For quite a while, Japan's elites have wanted their country to be a "normal" country. They want to be like all the other major powers with a voice in international organizations, money that gets respect, and a legitimate military. They complain that they are not an equal partner with the United States, and say they yearn to be the Great Britain of Asia.Ok, and so the Obama Administration has begun the process of treating Japan like Great Britain and like a normal nation. It is about to nominate for ambassador to Japan a presidential crony and big money fundraiser--just like the traditional emissaries to the Court of St. James or France or Italy or Bermuda.
Tokyo is now like any other "glamourous" posting. A politically savvy First Friend will guide the "relationship" with parties and chamber of commerce meetings. Out of the hands of a small coterie of managers, American diplomacy with Japan will strive to treat Japan like all the other G-7 countries. No more specially trained diplomats like we send to trouble spots and Third World countries.
Japan has finally arrived, and finally, almost like a second chance, it is the 1950s:
U.S. ambassadors do more than-talk to foreign ministers. They are also public-relations men with a whole nation for a client. They make speeches, inspect public works, judge flower shows, organize charities. They talk to labor leaders, opposition politicians, businessmen. And while they talk, they listen. For the other side of their job is to be the U.S.'s eyes & ears. On their reading of tempers and political moods Washington bases much of its timing and many of its decisions. [Time Magazine, December 1951]

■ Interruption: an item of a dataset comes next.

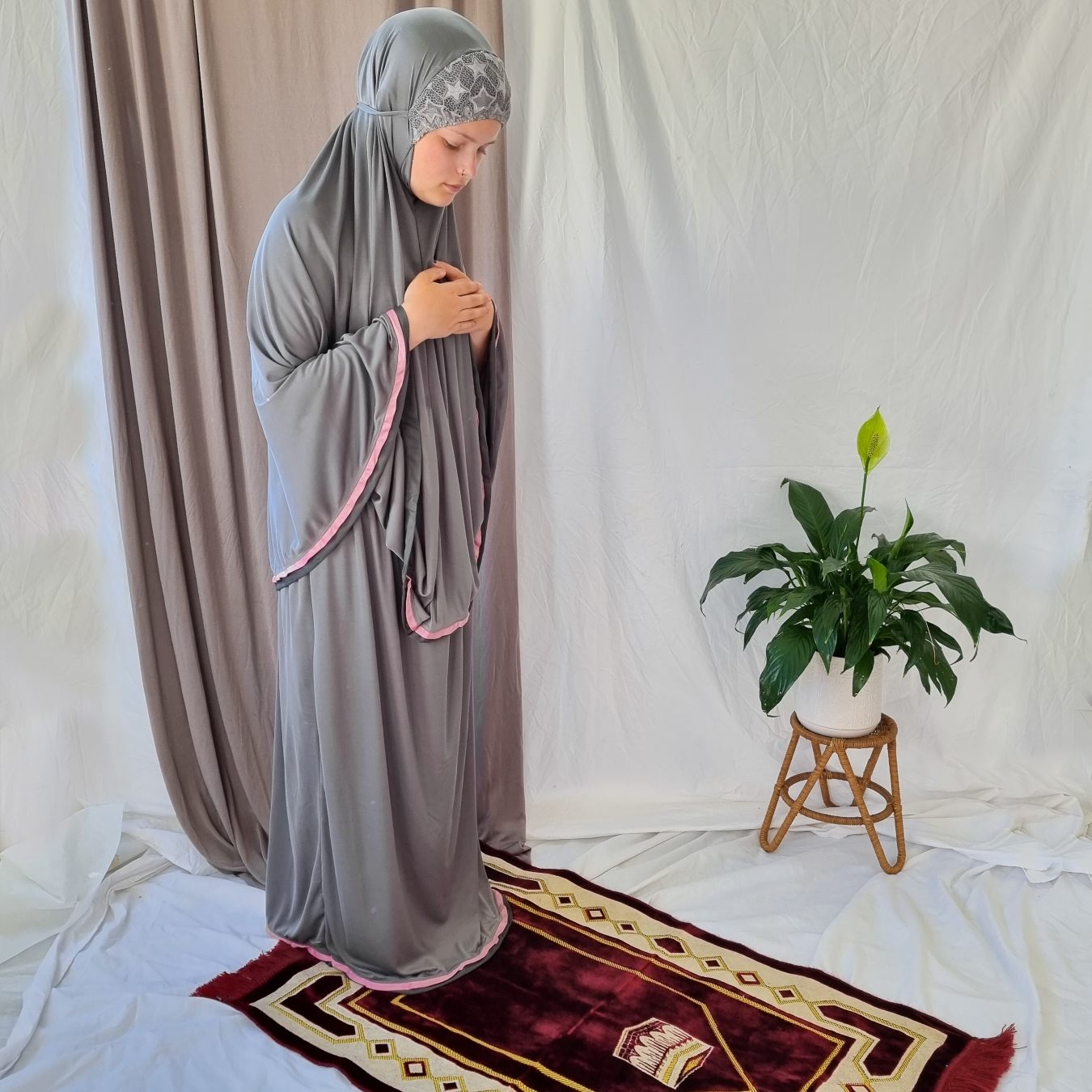 Girls 2 Piece Prayer Outfit Plain - Grey

But somehow I don't think that Japan's elites and America's Japan managers are too happy. Exotic Japan cannot be understood by a personable, loyal confidante. There are special circumstances for Japan that allow it to keep out foreign investment, inhibit foreign imports, deny asylum to refugees, continue child porn, refuse to sign the Genocide Convention or the Hague Treaty on child abduction, and allow it to celebrate the lives of its worst war criminals in the middle of its capital. Would an average American understand this?

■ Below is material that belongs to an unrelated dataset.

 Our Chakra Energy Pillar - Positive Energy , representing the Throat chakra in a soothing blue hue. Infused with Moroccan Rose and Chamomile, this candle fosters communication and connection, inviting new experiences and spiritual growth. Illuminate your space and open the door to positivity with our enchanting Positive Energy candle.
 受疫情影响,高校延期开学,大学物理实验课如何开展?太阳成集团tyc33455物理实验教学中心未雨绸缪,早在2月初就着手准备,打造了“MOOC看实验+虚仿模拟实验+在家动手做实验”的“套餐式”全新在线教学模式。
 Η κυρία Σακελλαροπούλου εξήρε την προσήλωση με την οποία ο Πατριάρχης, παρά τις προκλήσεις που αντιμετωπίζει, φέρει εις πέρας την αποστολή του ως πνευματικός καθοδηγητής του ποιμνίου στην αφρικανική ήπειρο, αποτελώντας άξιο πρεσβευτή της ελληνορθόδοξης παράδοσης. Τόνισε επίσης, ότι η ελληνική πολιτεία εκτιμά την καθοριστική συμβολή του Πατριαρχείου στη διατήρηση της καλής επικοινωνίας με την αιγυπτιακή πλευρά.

Again, I do not know how Tokyo is reacting. I can only guess from what the newspapers are saying. And that reaction is tepid and guarded. My one good resource for these sorts of answers "defriended" me six months ago, today. It was a bit like that Burger King promotion: you got a Whopper if you defriended ten of your "friends" from Facebook. In other words, you were worth 1/10 of a fast food hamburger.
Simply bewildering.
And this is probably how MOFA and the rest of Japan's elites feel for not being special any more.